Data below:
· · · ·

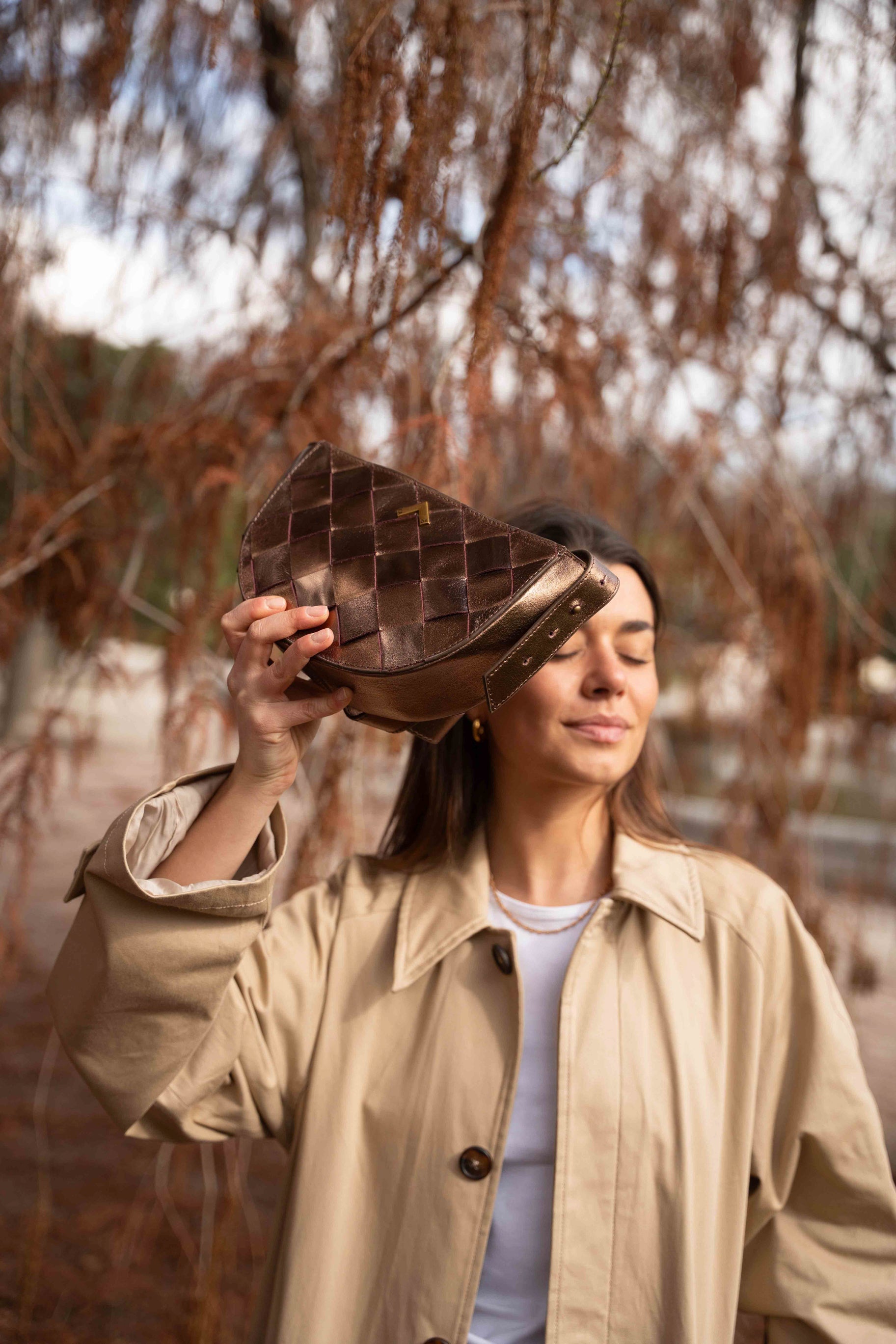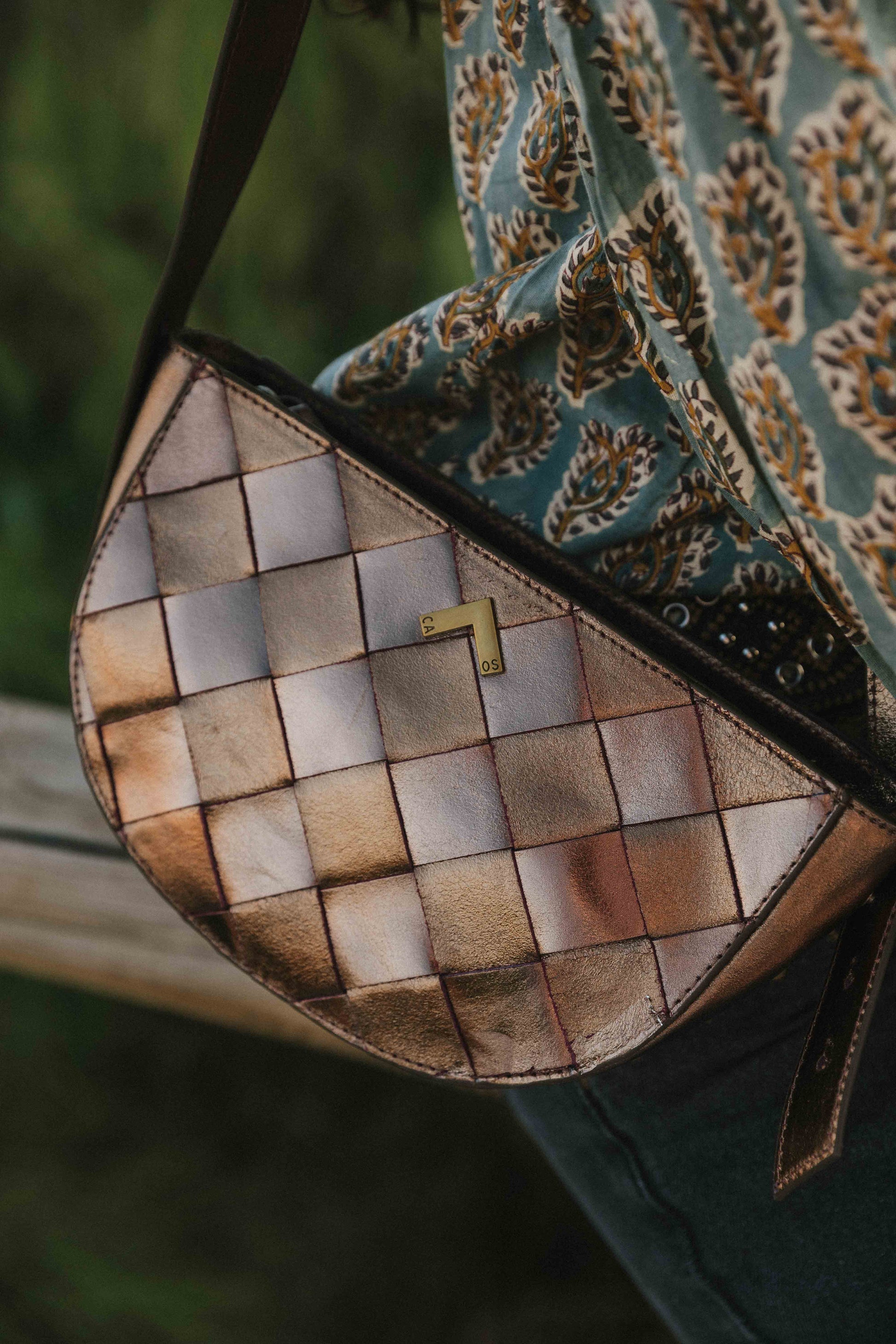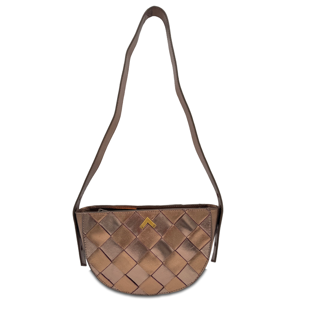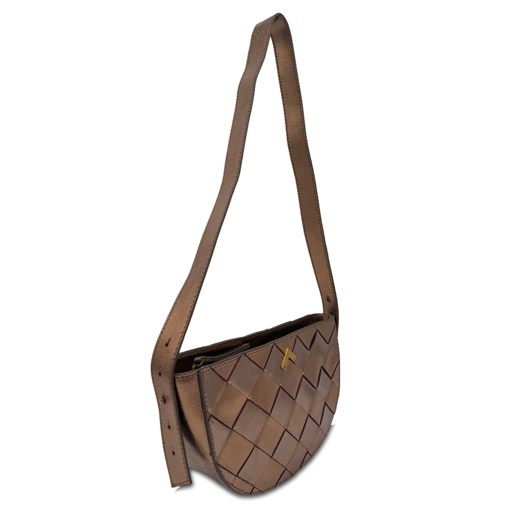 Ce petit sac en cuir tressé métallisé allie parfaitement style et fonctionnalité. Malgré sa taille, il offre une grande capacité , vous permettant de transporter confortablement tous vos essentiels. Son intérieur est doté d'une doublure et d'une poche pour garder vos affaires organisées.
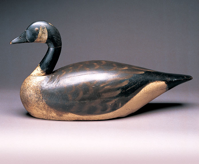 | Canada Goose by Elmer Crowell (1862-1952), East Harwich, MA, circa 1915 This is one of the finest Crowell Canada Goose decoys known. One of the three decoys out of the famous Winward Prescott rig that was found in the Beach and Bass Shop in Little Compton, Rhode Island. This bird is in excellent condition with no repairs or restoration. Retains an early oval stamp, as well as the 'WP' stamp for Winward Prescott. This exact decoy is pictured on page 15 of the Decoy Collector's Guide by Hal Sorenson, Vol. II, No. II (Issue 6) April, May, June, 1964. Length: 23 inches Height: 11I inches Width: 7 inches
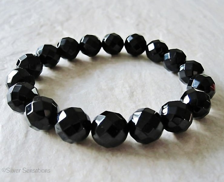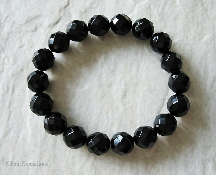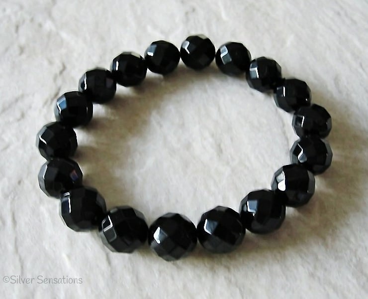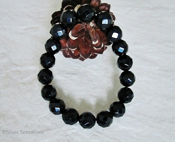 This hand crafted stretch bracelet has been created with beautiful faceted Black Onyx round beads which are 10mm in size.

· · · ·

What you should do: Repeat each line of the material, unaltered, from the first through the line with "Width: 7 inches", and include no pictures.

Answer for the task:
 Ce petit sac en cuir tressé métallisé allie parfaitement style et fonctionnalité. Malgré sa taille, il offre une grande capacité , vous permettant de transporter confortablement tous vos essentiels. Son intérieur est doté d'une doublure et d'une poche pour garder vos affaires organisées.
 | Canada Goose by Elmer Crowell (1862-1952), East Harwich, MA, circa 1915 This is one of the finest Crowell Canada Goose decoys known. One of the three decoys out of the famous Winward Prescott rig that was found in the Beach and Bass Shop in Little Compton, Rhode Island. This bird is in excellent condition with no repairs or restoration. Retains an early oval stamp, as well as the 'WP' stamp for Winward Prescott. This exact decoy is pictured on page 15 of the Decoy Collector's Guide by Hal Sorenson, Vol. II, No. II (Issue 6) April, May, June, 1964. Length: 23 inches Height: 11I inches Width: 7 inches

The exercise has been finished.